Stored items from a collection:

┌──

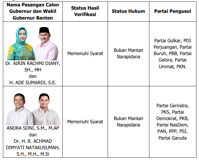 PENGUMUMAN: Hasil Penelitian Persyaratan Administrasi Calon Gubernur dan Wakil Gubernur Banten Dalam Pilkada 2024
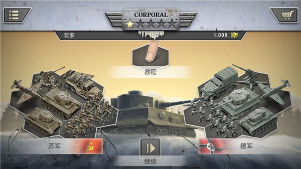 特别值得一提的是游戏的视听表现。精美的手绘风格战场地图,配合动态光影效果,营造出令人惊叹的视觉效果。战斗时的爆炸、射击音效都经过专业录制,搭配气势恢宏的背景音乐,让玩家仿佛置身于真实的战场之中。六边形网格地图设计既保留了传统战棋游戏的策略深度,又通过现代化的UI设计提升了操作体验。
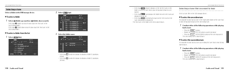 (folder down search) plays back the first tune in the
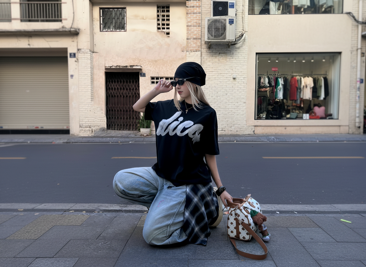 "Y" Embroidery Relaxed Denim Pants
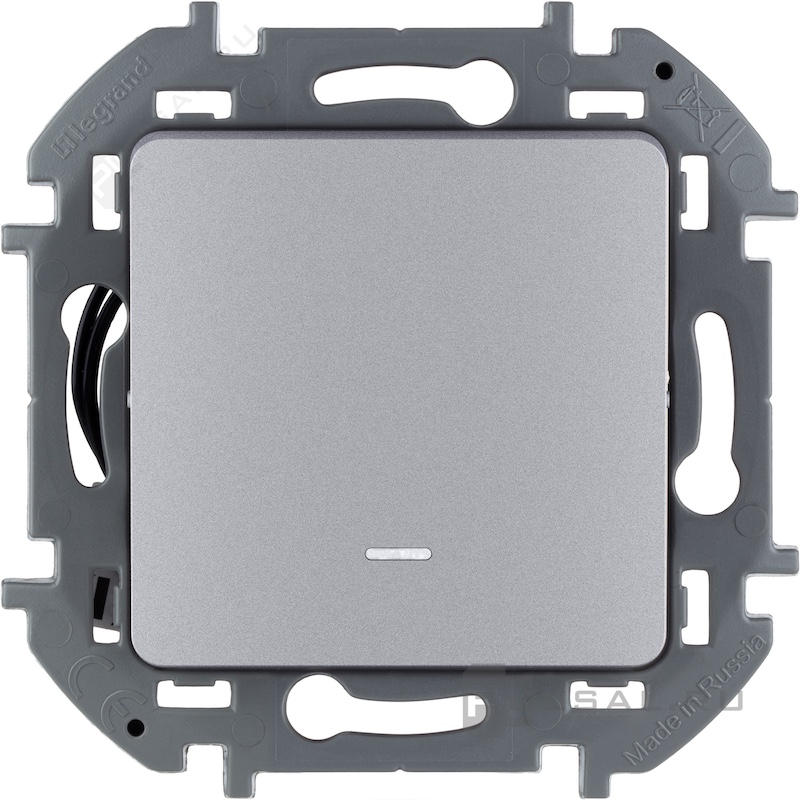 Выключатель Inspiria, одноклавишный, с подсветкой, с индикацией, цвет - алюминий
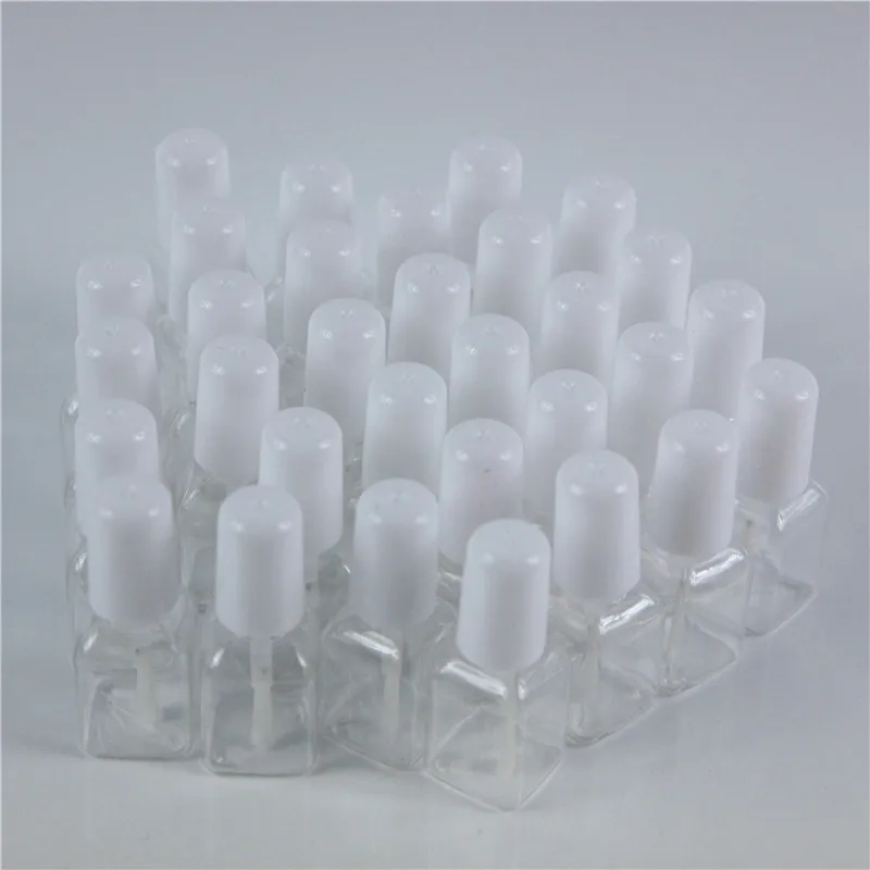 10 шт.партия 5g Мини милый прозрачный пластиковый пустой квадратный полированный флакон для ногтей с белой крышкой кисточкой пластиковый флакон для ногтей для детей
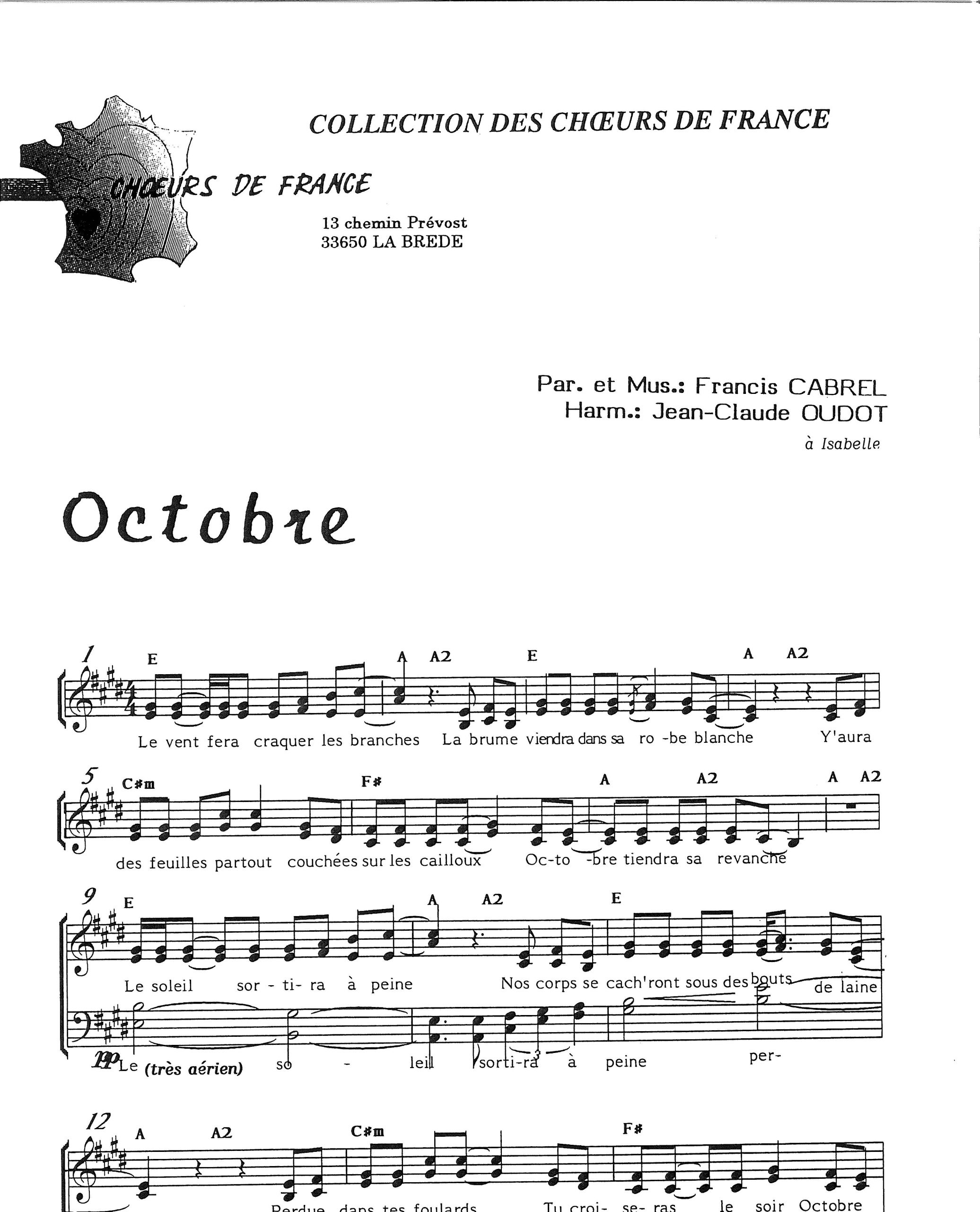 Paroles et musique : F. Cabrel Harmonisation : Jean Claude OUDOT

└──

• **WHAT YOU SHOULD DO**
Reproduce the data exactly as it appears above. Pictures are to be left out.

• **EXERCISE RESPONSE**
 PENGUMUMAN: Hasil Penelitian Persyaratan Administrasi Calon Gubernur dan Wakil Gubernur Banten Dalam Pilkada 2024
 特别值得一提的是游戏的视听表现。精美的手绘风格战场地图,配合动态光影效果,营造出令人惊叹的视觉效果。战斗时的爆炸、射击音效都经过专业录制,搭配气势恢宏的背景音乐,让玩家仿佛置身于真实的战场之中。六边形网格地图设计既保留了传统战棋游戏的策略深度,又通过现代化的UI设计提升了操作体验。
 (folder down search) plays back the first tune in the
 "Y" Embroidery Relaxed Denim Pants
 Выключатель Inspiria, одноклавишный, с подсветкой, с индикацией, цвет - алюминий
 10 шт.партия 5g Мини милый прозрачный пластиковый пустой квадратный полированный флакон для ногтей с белой крышкой кисточкой пластиковый флакон для ногтей для детей
 Paroles et musique : F. Cabrel Harmonisation : Jean Claude OUDOT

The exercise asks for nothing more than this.